Top of DATA UNDER STUDY

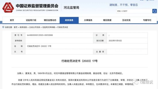 河北证监局于11月10日宣布了针对夏云龙的行政处罚决定。他因涉嫌两项违法行为受到了重罚:被责令改正,不仅被没收了530.78万元的违法所得,还被处以相等数额的罚款,总计高达1061.56万元。
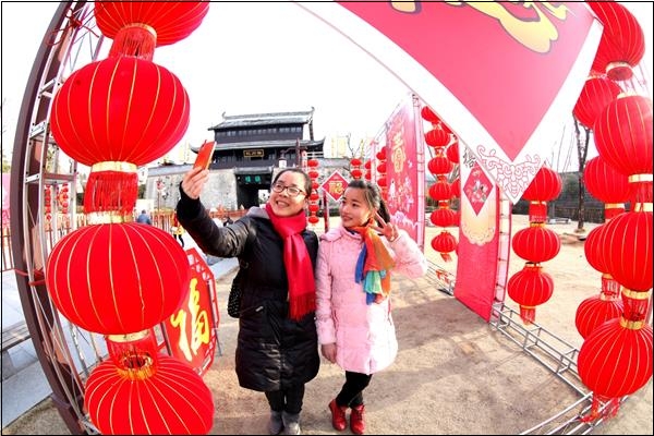 2月4日,歙县徽城镇府衙广场,市民在刚悬挂的灯笼前拍照留影。
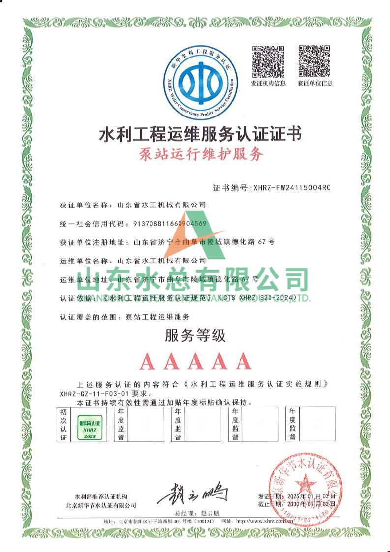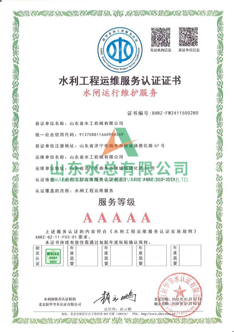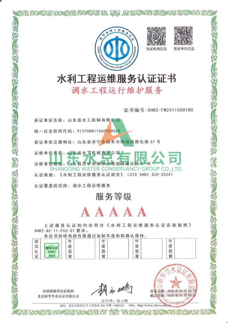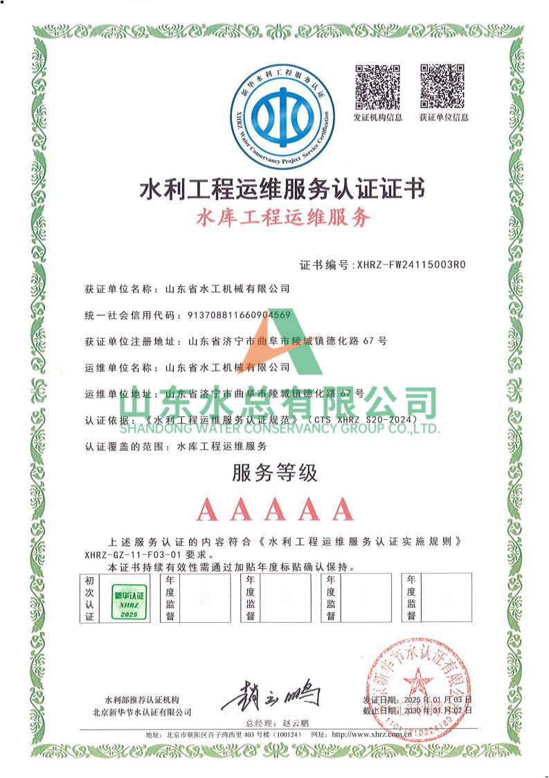 一直以来,水工机械万搏球赛_万搏(中国) 高度重视水利工程运维服务的质量与专业性,在人员配备、技术应用、管理体系等多方面精心打磨。在认证过程中,历经严格审核,万搏球赛_万搏(中国) 凭借扎实的运维实力、规范的服务流程以及对水利工程运维高规格的执行标准,赢得了认可。
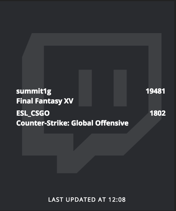 Simple Smashing widget to display followed and currently live twitch streams.
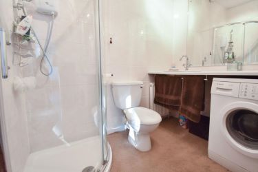 Shower cubicle, wc, wash basin set into vanity unit, radiator.

Bottom of DATA UNDER STUDY

## WHAT THIS TASK INVOLVES
Exclude the images, then output the data above word for word.

## SOLUTION
 河北证监局于11月10日宣布了针对夏云龙的行政处罚决定。他因涉嫌两项违法行为受到了重罚:被责令改正,不仅被没收了530.78万元的违法所得,还被处以相等数额的罚款,总计高达1061.56万元。
 2月4日,歙县徽城镇府衙广场,市民在刚悬挂的灯笼前拍照留影。
 一直以来,水工机械万搏球赛_万搏(中国) 高度重视水利工程运维服务的质量与专业性,在人员配备、技术应用、管理体系等多方面精心打磨。在认证过程中,历经严格审核,万搏球赛_万搏(中国) 凭借扎实的运维实力、规范的服务流程以及对水利工程运维高规格的执行标准,赢得了认可。
 Simple Smashing widget to display followed and currently live twitch streams.
 Shower cubicle, wc, wash basin set into vanity unit, radiator.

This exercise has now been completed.